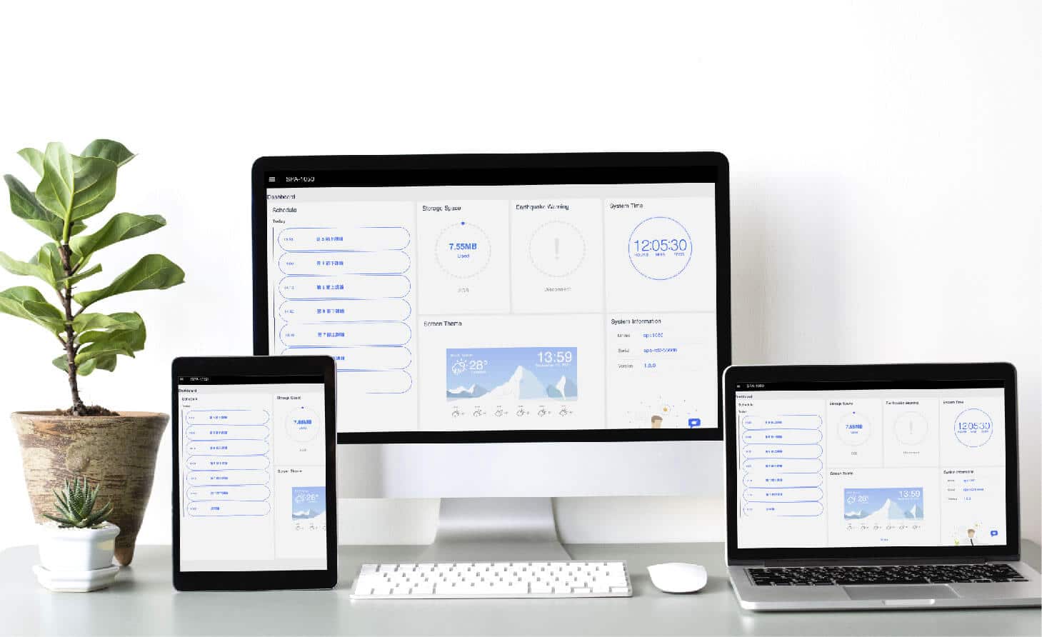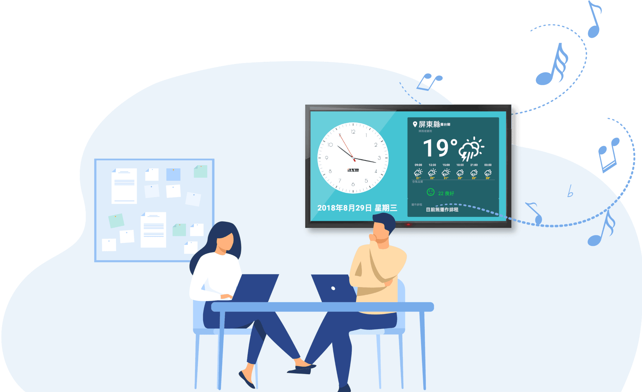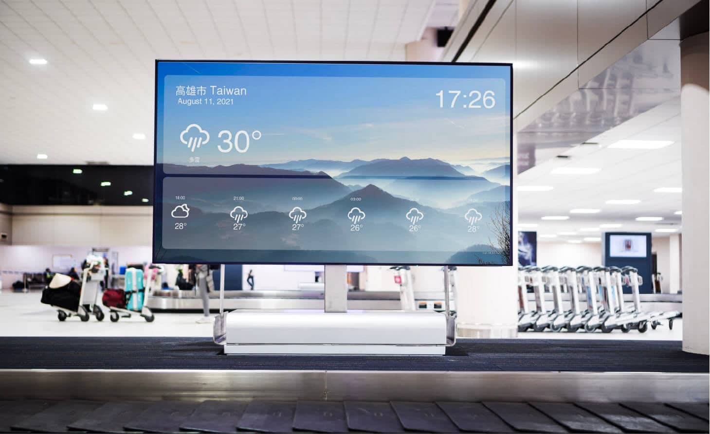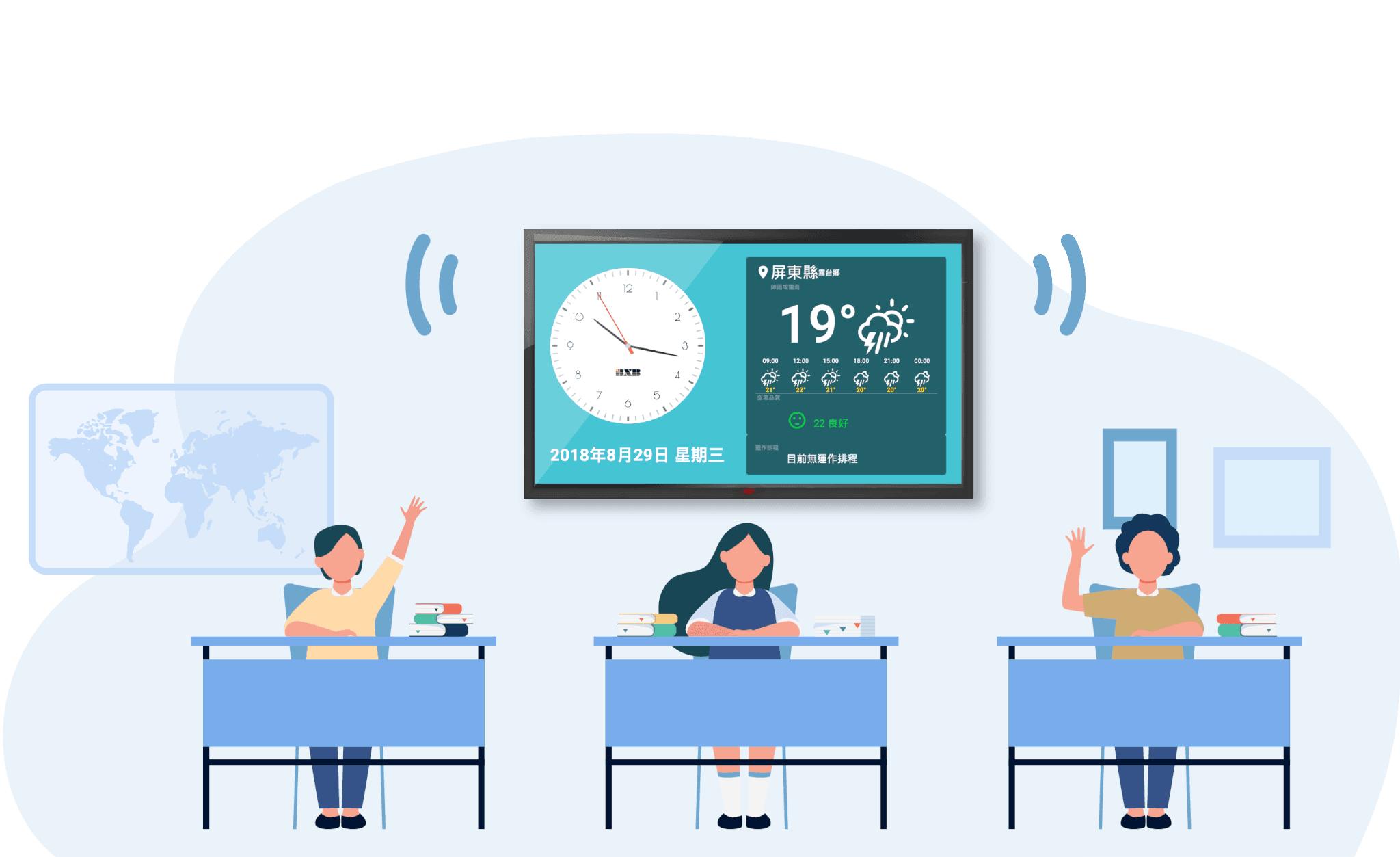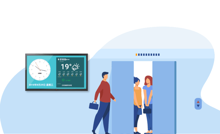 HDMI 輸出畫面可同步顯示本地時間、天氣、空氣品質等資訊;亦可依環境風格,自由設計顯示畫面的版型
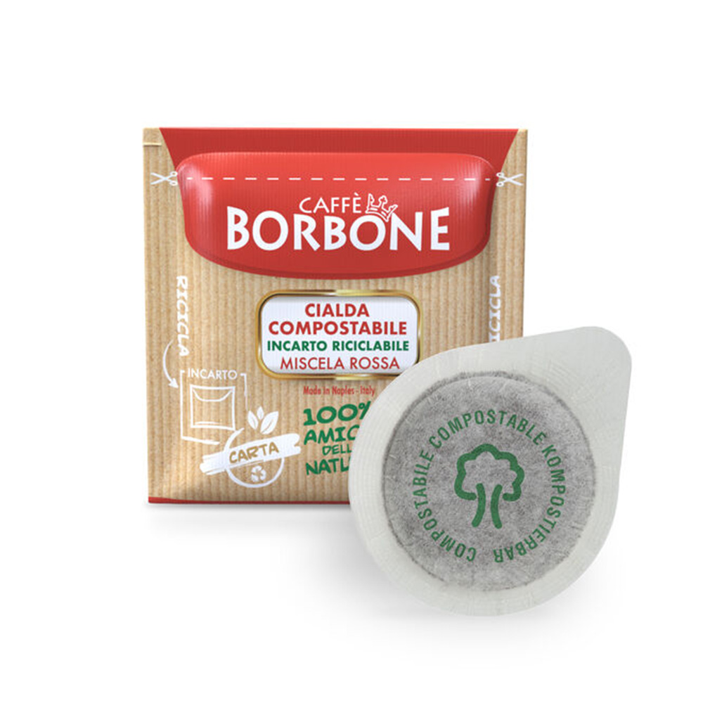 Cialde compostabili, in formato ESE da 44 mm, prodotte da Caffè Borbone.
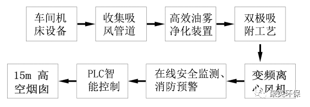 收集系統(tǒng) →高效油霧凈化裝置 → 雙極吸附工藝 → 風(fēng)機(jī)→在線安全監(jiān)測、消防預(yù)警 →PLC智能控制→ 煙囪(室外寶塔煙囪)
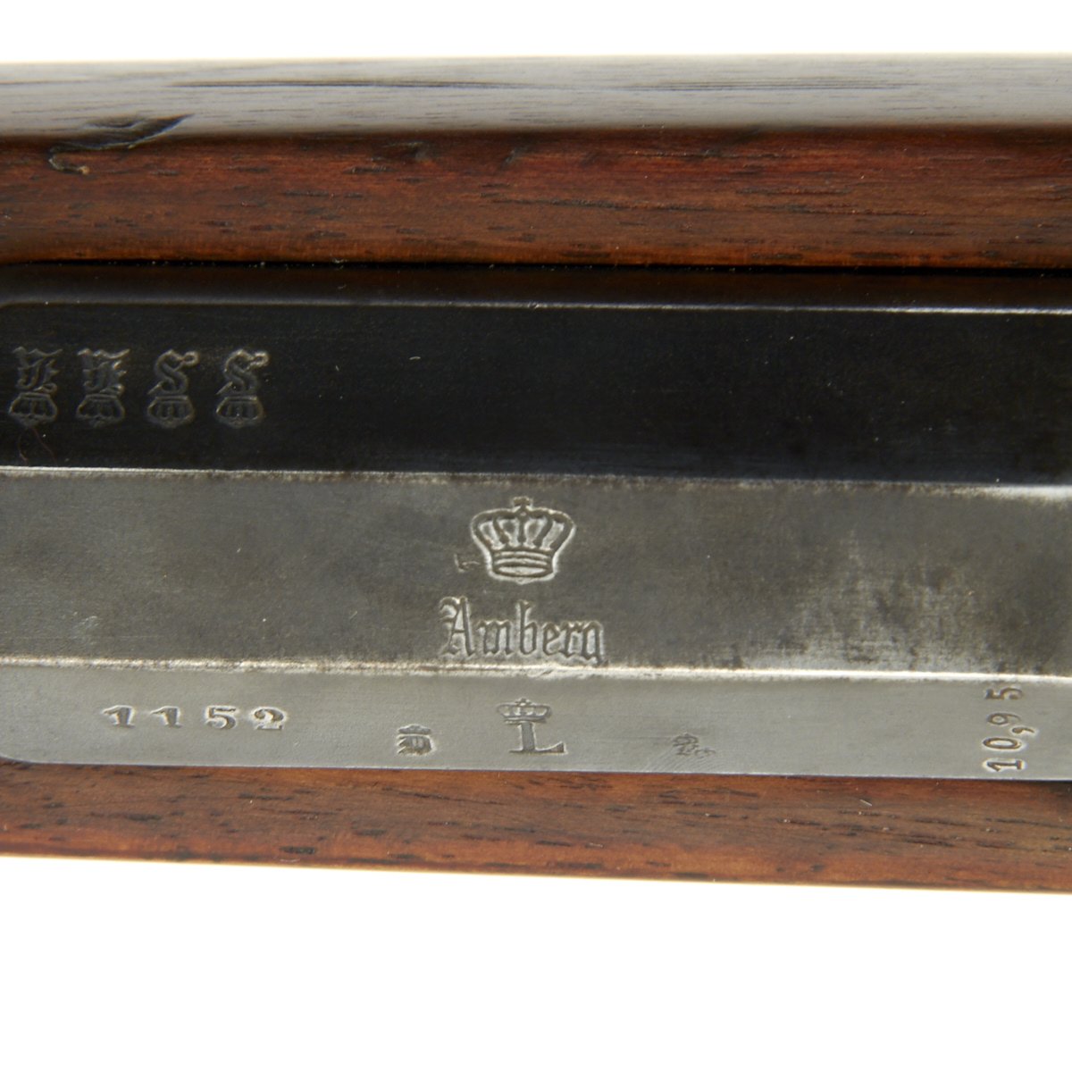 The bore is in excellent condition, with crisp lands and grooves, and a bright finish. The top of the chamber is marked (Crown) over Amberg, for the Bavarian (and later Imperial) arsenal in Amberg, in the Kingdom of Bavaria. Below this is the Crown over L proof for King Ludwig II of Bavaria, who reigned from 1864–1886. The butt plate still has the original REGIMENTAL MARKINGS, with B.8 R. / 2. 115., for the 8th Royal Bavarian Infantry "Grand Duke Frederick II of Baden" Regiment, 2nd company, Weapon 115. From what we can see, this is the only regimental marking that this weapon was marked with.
- - -
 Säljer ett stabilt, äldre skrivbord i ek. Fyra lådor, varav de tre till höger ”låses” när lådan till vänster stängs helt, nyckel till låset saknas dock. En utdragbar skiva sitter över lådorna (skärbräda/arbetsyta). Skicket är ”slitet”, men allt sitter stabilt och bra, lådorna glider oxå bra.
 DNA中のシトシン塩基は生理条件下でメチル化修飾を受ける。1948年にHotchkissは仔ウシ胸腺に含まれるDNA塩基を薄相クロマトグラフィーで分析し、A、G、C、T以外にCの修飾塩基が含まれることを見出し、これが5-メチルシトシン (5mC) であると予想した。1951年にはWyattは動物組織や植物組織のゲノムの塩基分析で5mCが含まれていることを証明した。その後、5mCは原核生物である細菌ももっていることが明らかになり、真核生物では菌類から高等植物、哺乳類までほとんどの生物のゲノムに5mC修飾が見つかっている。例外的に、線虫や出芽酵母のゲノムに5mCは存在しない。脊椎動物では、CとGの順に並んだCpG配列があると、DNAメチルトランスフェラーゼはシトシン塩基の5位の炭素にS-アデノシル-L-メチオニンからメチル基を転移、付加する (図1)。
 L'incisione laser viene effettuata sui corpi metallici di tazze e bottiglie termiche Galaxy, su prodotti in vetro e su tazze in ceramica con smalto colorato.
- - -
* [Work instructions]
From the material above, reproduce only what runs from the line holding "Cialde compostabili, in" down to the line holding "收集系統(tǒng) →高效油霧凈化裝置 →", both included, pictures excluded.

* [Output for this task]
 Cialde compostabili, in formato ESE da 44 mm, prodotte da Caffè Borbone.
 收集系統(tǒng) →高效油霧凈化裝置 → 雙極吸附工藝 → 風(fēng)機(jī)→在線安全監(jiān)測、消防預(yù)警 →PLC智能控制→ 煙囪(室外寶塔煙囪)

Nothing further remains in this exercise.